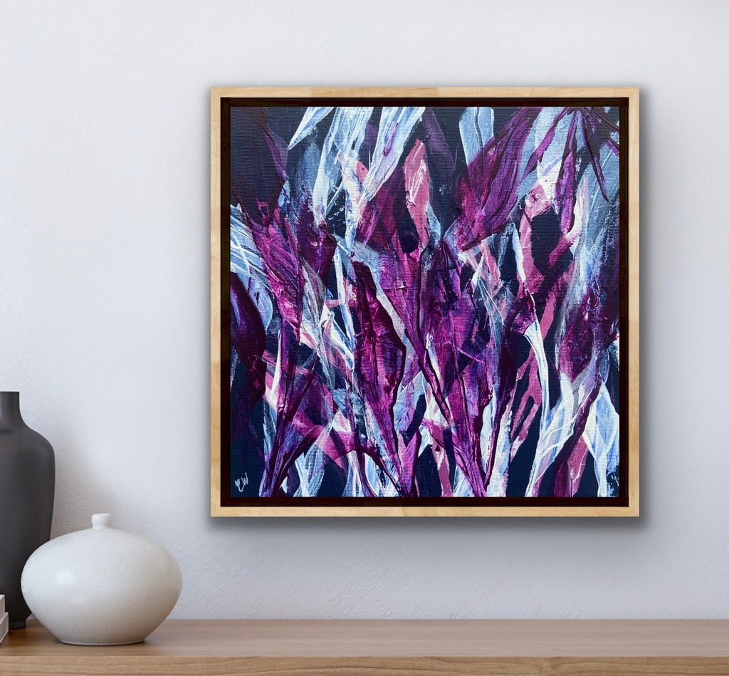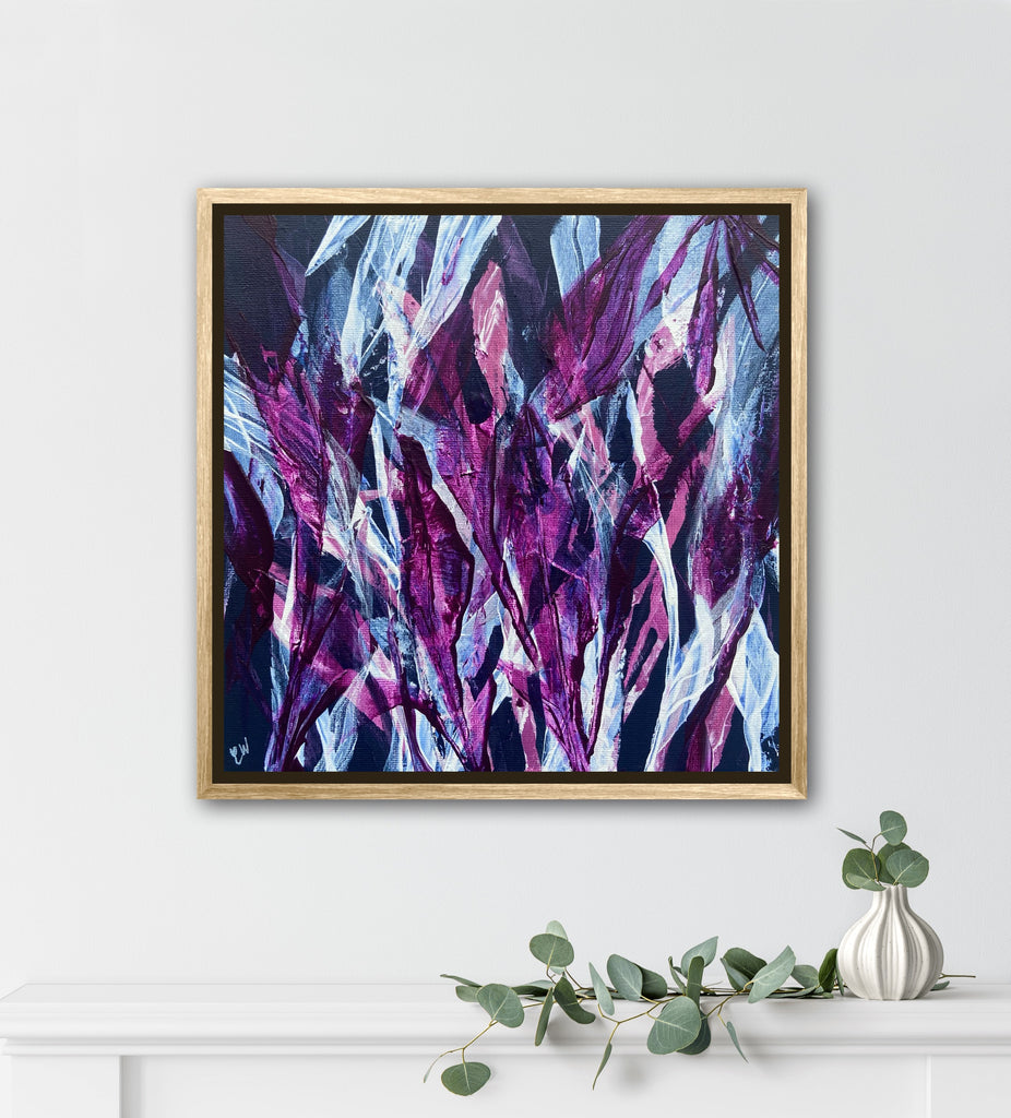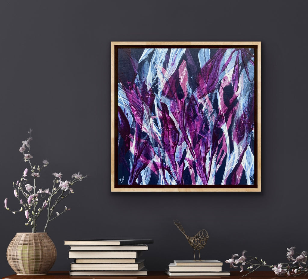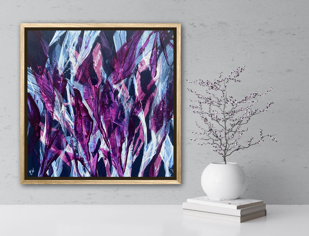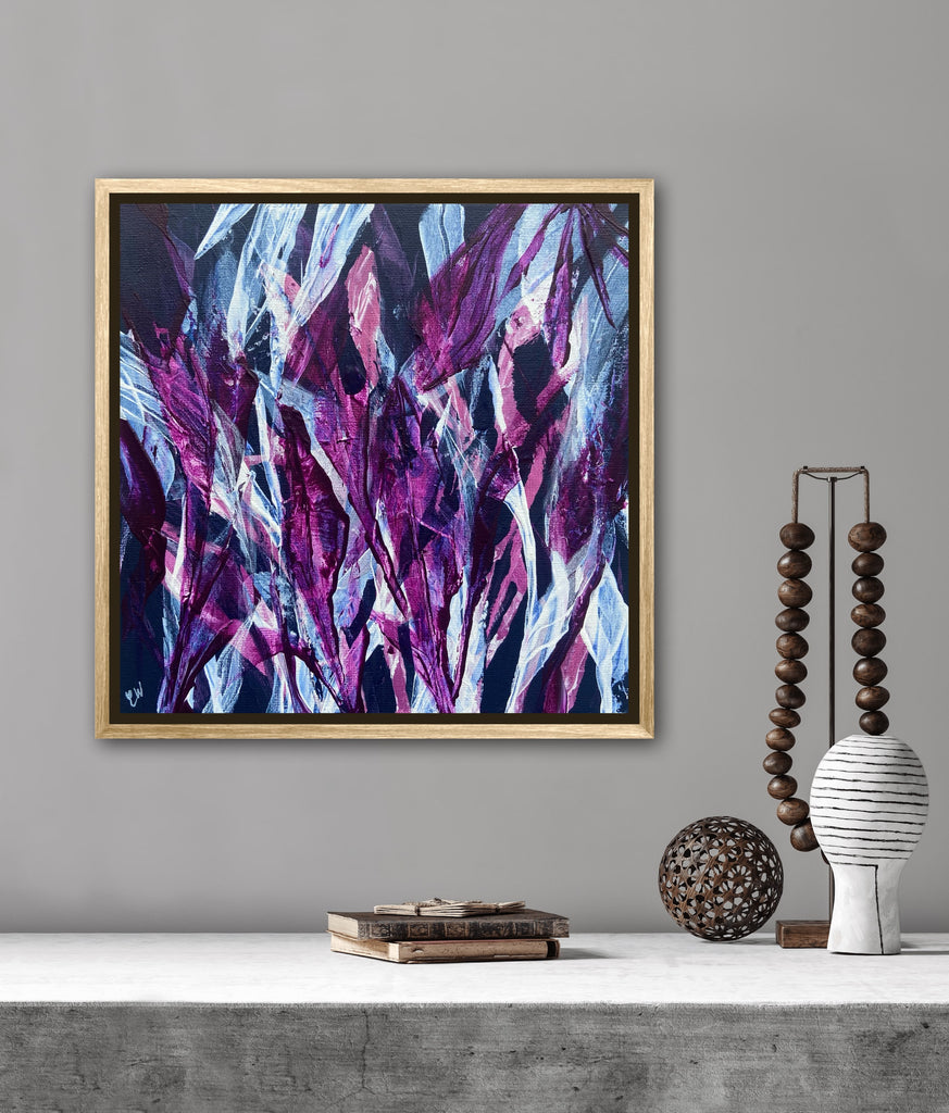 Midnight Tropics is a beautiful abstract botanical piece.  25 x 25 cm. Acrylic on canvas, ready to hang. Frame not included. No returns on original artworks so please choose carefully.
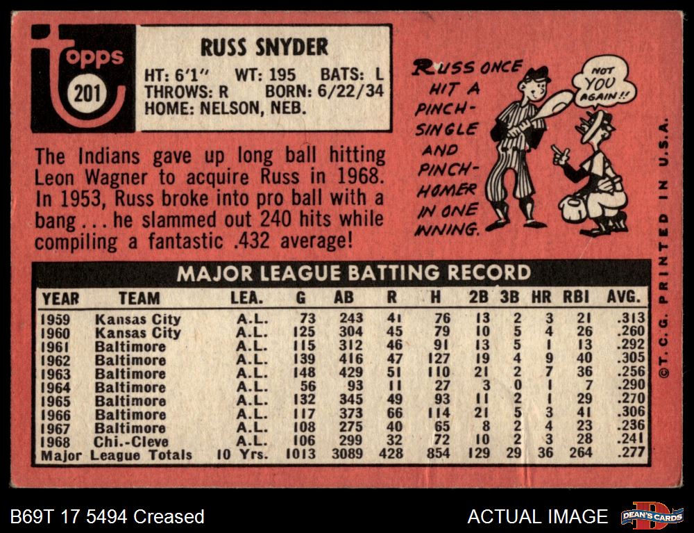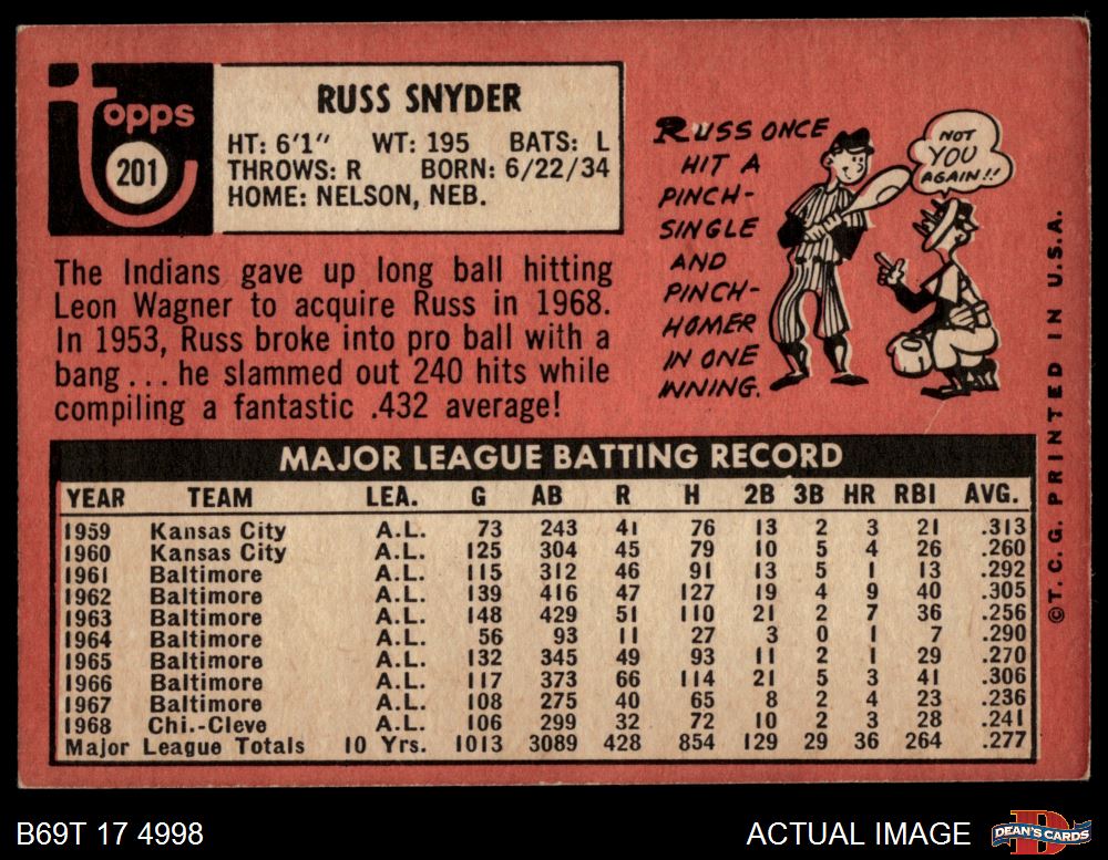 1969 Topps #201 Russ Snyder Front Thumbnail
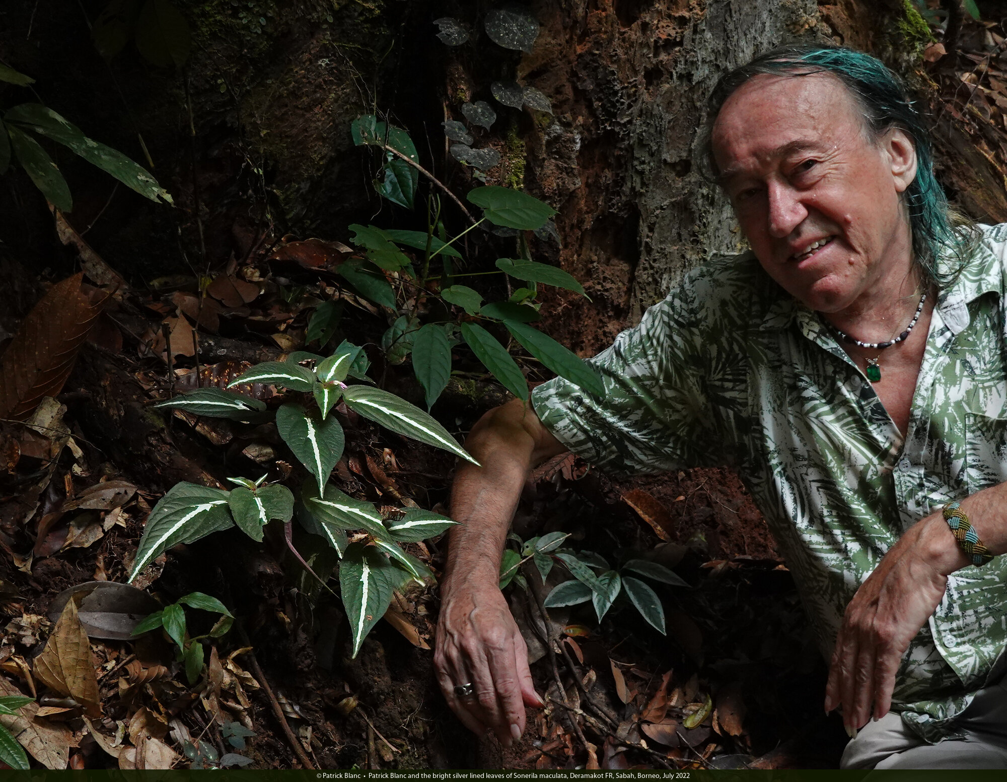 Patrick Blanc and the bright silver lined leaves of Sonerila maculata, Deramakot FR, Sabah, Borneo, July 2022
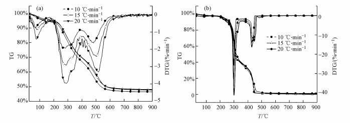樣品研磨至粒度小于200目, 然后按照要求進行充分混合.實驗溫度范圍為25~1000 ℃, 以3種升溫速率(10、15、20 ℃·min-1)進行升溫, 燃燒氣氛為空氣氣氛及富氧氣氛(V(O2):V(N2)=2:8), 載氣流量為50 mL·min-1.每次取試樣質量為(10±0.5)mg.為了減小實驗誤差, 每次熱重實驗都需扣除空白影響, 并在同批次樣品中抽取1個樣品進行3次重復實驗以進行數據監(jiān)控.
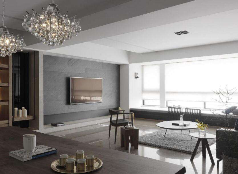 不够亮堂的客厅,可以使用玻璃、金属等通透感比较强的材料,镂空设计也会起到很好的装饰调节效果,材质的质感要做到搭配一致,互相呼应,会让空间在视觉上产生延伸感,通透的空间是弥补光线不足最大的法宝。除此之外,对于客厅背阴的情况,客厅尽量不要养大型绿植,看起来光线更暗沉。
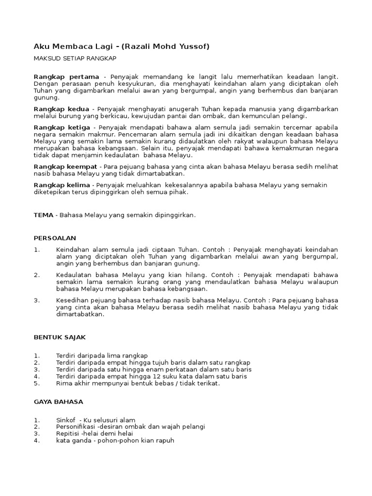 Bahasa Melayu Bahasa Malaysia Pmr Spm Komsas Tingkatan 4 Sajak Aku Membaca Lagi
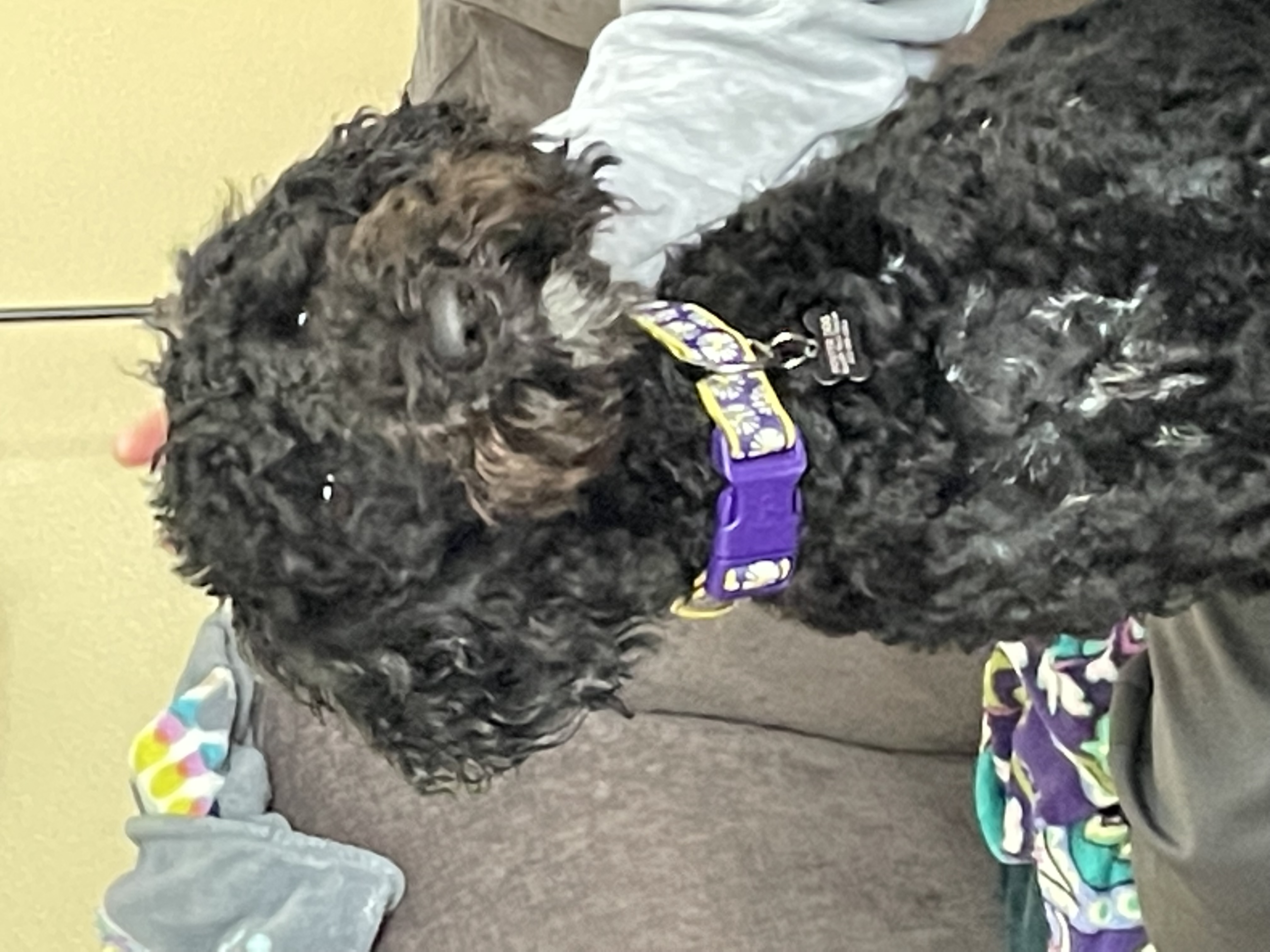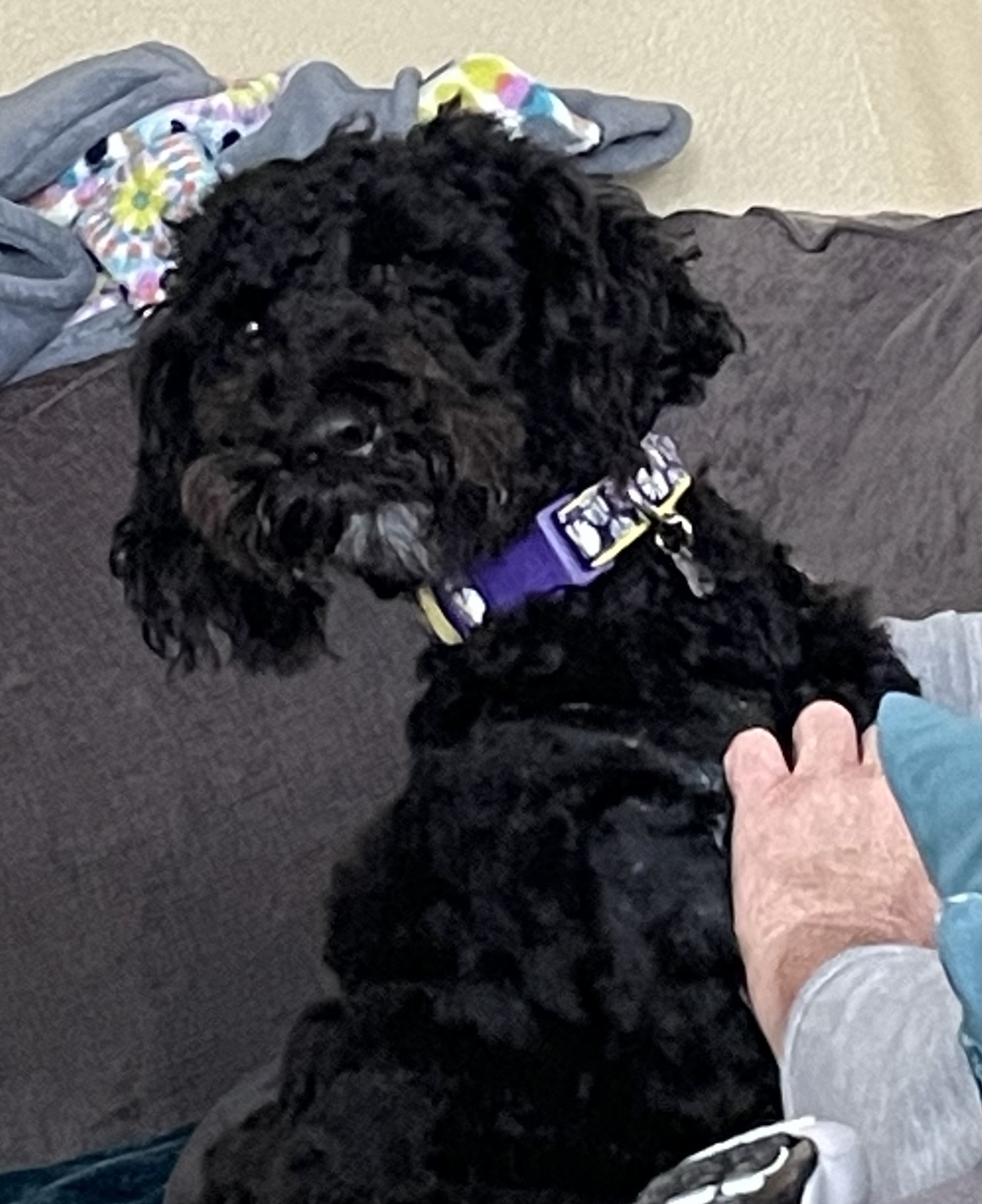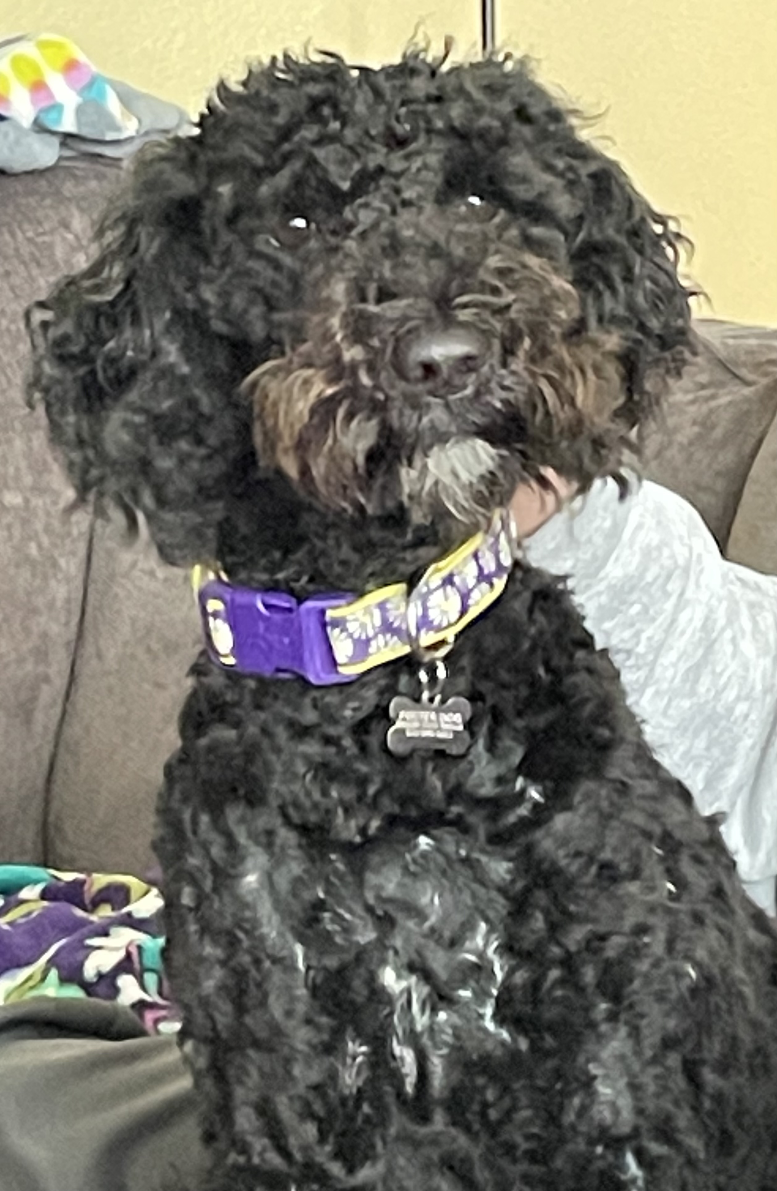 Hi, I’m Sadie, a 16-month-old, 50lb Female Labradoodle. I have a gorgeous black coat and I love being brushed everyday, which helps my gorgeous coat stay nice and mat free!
※ ※ ※
Extract all the data above exactly, excluding every picture.

 Midnight Tropics is a beautiful abstract botanical piece.  25 x 25 cm. Acrylic on canvas, ready to hang. Frame not included. No returns on original artworks so please choose carefully.
 1969 Topps #201 Russ Snyder Front Thumbnail
 Patrick Blanc and the bright silver lined leaves of Sonerila maculata, Deramakot FR, Sabah, Borneo, July 2022
樣品研磨至粒度小于200目, 然后按照要求進行充分混合.實驗溫度范圍為25~1000 ℃, 以3種升溫速率(10、15、20 ℃·min-1)進行升溫, 燃燒氣氛為空氣氣氛及富氧氣氛(V(O2):V(N2)=2:8), 載氣流量為50 mL·min-1.每次取試樣質量為(10±0.5)mg.為了減小實驗誤差, 每次熱重實驗都需扣除空白影響, 并在同批次樣品中抽取1個樣品進行3次重復實驗以進行數據監(jiān)控.
 不够亮堂的客厅,可以使用玻璃、金属等通透感比较强的材料,镂空设计也会起到很好的装饰调节效果,材质的质感要做到搭配一致,互相呼应,会让空间在视觉上产生延伸感,通透的空间是弥补光线不足最大的法宝。除此之外,对于客厅背阴的情况,客厅尽量不要养大型绿植,看起来光线更暗沉。
 Bahasa Melayu Bahasa Malaysia Pmr Spm Komsas Tingkatan 4 Sajak Aku Membaca Lagi
 Hi, I’m Sadie, a 16-month-old, 50lb Female Labradoodle. I have a gorgeous black coat and I love being brushed everyday, which helps my gorgeous coat stay nice and mat free!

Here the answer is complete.